L'Œil sauvage
The Savage Eye
de Ben Maddow, Sidney Meyers, Joseph Strick
Cannes Classics

palme


Sortie en salle : 9 juillet 2008




Film inclassable sorti en 1960 dans deux cinémas à Paris, cet ovni tomba rapidement dans les oubliettes du 7e art avant d'être découvert sur le câble par le producteur Ronald Chammah.
Poème douloureux qui adopte un ton semi-documentaire, il permet de suivre Judith, jeune femme divorcée qui erre dans les rues de Los Angeles, en tentant vainement d'oublier son amour perdu. L'œuvre est signée par trois cinéastes : Ben Maddow, ancienne victime du maccarthysme ; Sidney Meyers, monteur, ainsi que Joseph Strick : ce dernier réalisera en 1971 le passionnant court métrage documentaire Interviews with My Lai Veterans qui obtiendra l'Oscar, et relate les atrocités commises par les soldats américains sur des civils vietnamiens. Ce court est d'ailleurs proposé au spectateur dans le cadre d'une double programmation.
L'Œil sauvage peut se lire d'abord comme un pavé dans la mare de l'american way of life : longtemps traité de façon implicite par le cinéma américain, le thème de la décomposition de la cellule familiale est ici abordé frontalement, et la solitude urbaine du personnage principal annonce les grandes figures féminines des années 70, magnifiées par Cassavetes (avec Gena Rowlands) ou Martin Scorsese (Ellen Burstyn). La faune des prédicateurs guérisseurs donne droit à une admirable séquence dans la lignée du cinéma-vérité de Jean Rouch, tout en touchant l'Amérique là où ça fait mal.

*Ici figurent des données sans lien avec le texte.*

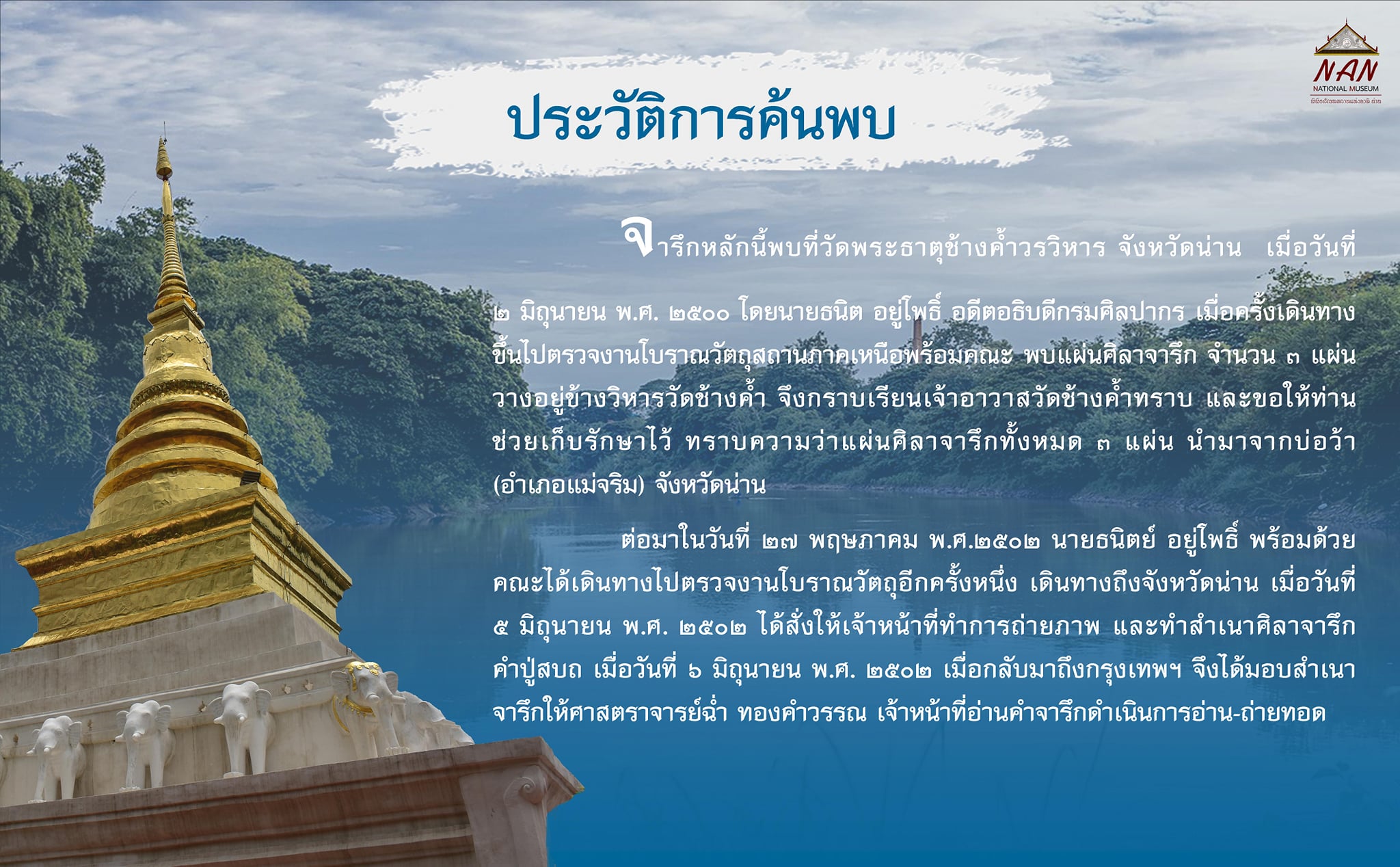 --- จารึกหลักนี้พบที่วัดพระธาตุช้างค้ำวรวิหาร จังหวัดน่าน เมื่อวันที่ ๒ มิถุนายน พ.ศ. ๒๕๐๐ โดยนายธนิต อยู่โพธิ์ อดีตอธิบดีกรมศิลปากร เมื่อครั้งเดินทางขึ้นไปตรวจงานโบราณวัตถุสถานภาคเหนือพร้อมคณะ พบแผ่นศิลาจารึก จำนวน ๓ แผ่น วางอยู่ข้างวิหารวัดช้างค้ำ จึงกราบเรียนเจ้าอาวาสวัดช้างค้ำทราบ และขอให้ท่านช่วยเก็บรักษาไว้ ทราบความว่าแผ่นศิลาจารึกทั้งหมด ๓ แผ่น นำมาจากบ่อว้า (อำเภอแม่จริม) จังหวัดน่าน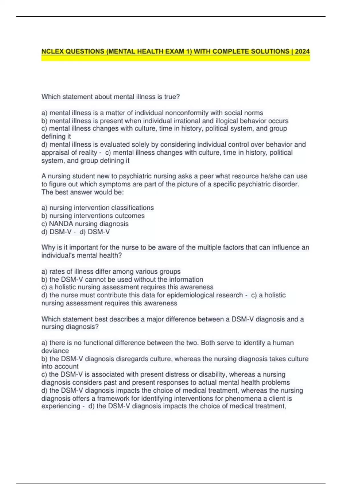 c) the DSM-V is associated with present distress or disability, whereas a nursing
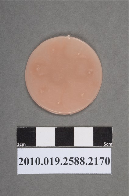 1.本物件為飛龍圓形尪仔仙。硬質塑膠材質,扁平,單一藕色,單面浮雕圖案。底部為圓形,上有龍樣浮雕,龍身彎曲,停在空中,可見其龍鬚、鱗片、龍爪和龍角等。
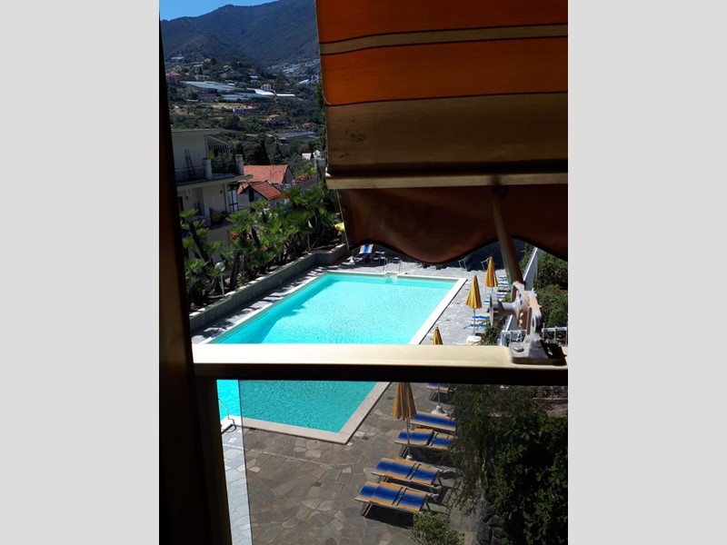 L'appartamento è arredato e dispone di un balcone dalla quale è possibile godere di una bellissima vista sulla città e sulla piscina sottostante godibile dai residenti.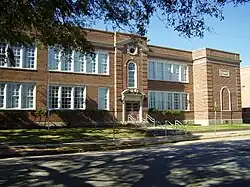 The first iteration of the school was Beauchamp Springs School, built in 1903. It was later renamed after William Barrett Travis, a participant in the Texas Revolution.[5] The first building with the name Travis Elementary was constructed in 1908.[6] The three-story building had 12 classrooms, and construction ended in 1909. The playground space was donated to the city of Houston and was considered to be larger than that of most schools. In 1926 a new campus was constructed. It had a cafeteria, an auditorium, and 12 classrooms.[5]
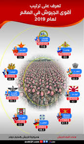 ترتيب اقوى جيوش العالم. ويعتمد الترتيب على مؤشر القوة الذي يحدد الموقع لكل دولة على أساس تقييمات تركز على أكثر من 50 عاملا يضمن جاهزية القوات المسلحة. ترتيب أقوى الدول و الجيوش عسكريا 2019 اعتمدت الدراسة في تقييمها على مجموعة من المعايير هي النفوذ السياسي والمالي للدولة قوة تحالفاتها الدولية قوتها العسكرية وأخيرا طريقة إدارتها للقضايا الدولية. جيش الهند جيش فرنسا.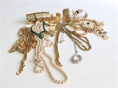 Lotto composto da sedici tra colliers e catenine con pendenti e otto bracciali, molti in metallo color oro, alcuni in argento 925 e molti rifiniti con perle fancy e strass. Un collier in parte in tessuto verde come lo smalto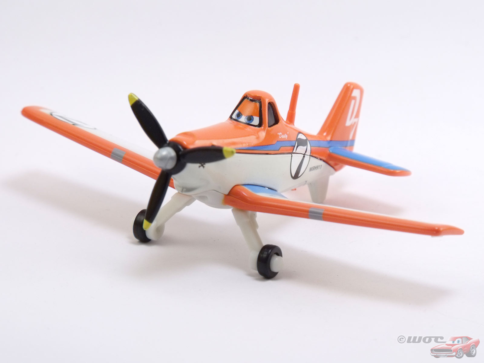 Description: A toy airplane with a propeller on a white background with a white background and a black and orange stripe.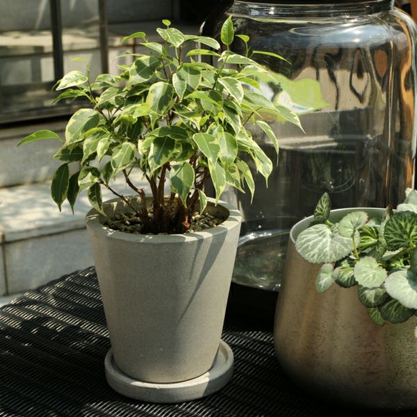 ナチュラルやモダン、和テイスト、アジアンなどどのシーンにもしっくり取り入れやすいデザインかつ明るすぎず暗すぎないグレーカラーに仕上げられています。手のひらサイズの小鉢から庭園・バルコニーに使える大鉢まで、複数のサイズバリエーションをご用意しています。モルタルとファイバーで仕上げたコンクリートポットの底には、すべてのサイズに鉢底穴がございます。お手入れや管理の仕方により植え込んでも鉢カバーとしてもご利用していただきやすいポットです。

Au-delà cet aspect critique, le film se meut avec bonheur dans la tendance du nouveau cinéma des années 60, préférant l'ellipse et l'éclatement narratif à la linéarité explicative du scénario en béton. Les rêves de Judith, délirant après un grave accident de voiture, anticipent l'onirisme et le filmage de l'inconscient par Alain Resnais dans L'Année dernière à Marienbad ; mais l'on songe surtout à Godard, celui d'À bout de souffle et de Deux ou trois choses que je sais d'elle, dans la maîtrise du style caméra à l'épaule (les scènes sur les trottoirs) et dans la similitude du kaléidoscope pictural et introspectif.
L'originalité esthétique de l'œuvre (Judith ne parle jamais, seule la voix off révèle ses motivations et ses fantasmes) ainsi que sa singularité dans le cinéma américain de l'époque en font une curiosité incontournable.
On pourra tout au plus regretter la trop courte durée de ce film, dont il faut par ailleurs saluer l'amirable photo ainsi que la touchante partition musicale de Leonard Rosenman.

Gérard Crespo


 


1h07 - 1960 - USA - Scénario et dialogues : Ben Maddow, Sidney Meyers, Joseph Strick - Photo : Jack Couffer, Helen Levitt, Haskell Wexler - Décors : - - Musique : Leonard Rosenman - Montage : Ben Maddow, Sidney Meyers, Joseph Strick - Son : Verna Fields - Interprétation : Barbara Bexley, Gary Merrill.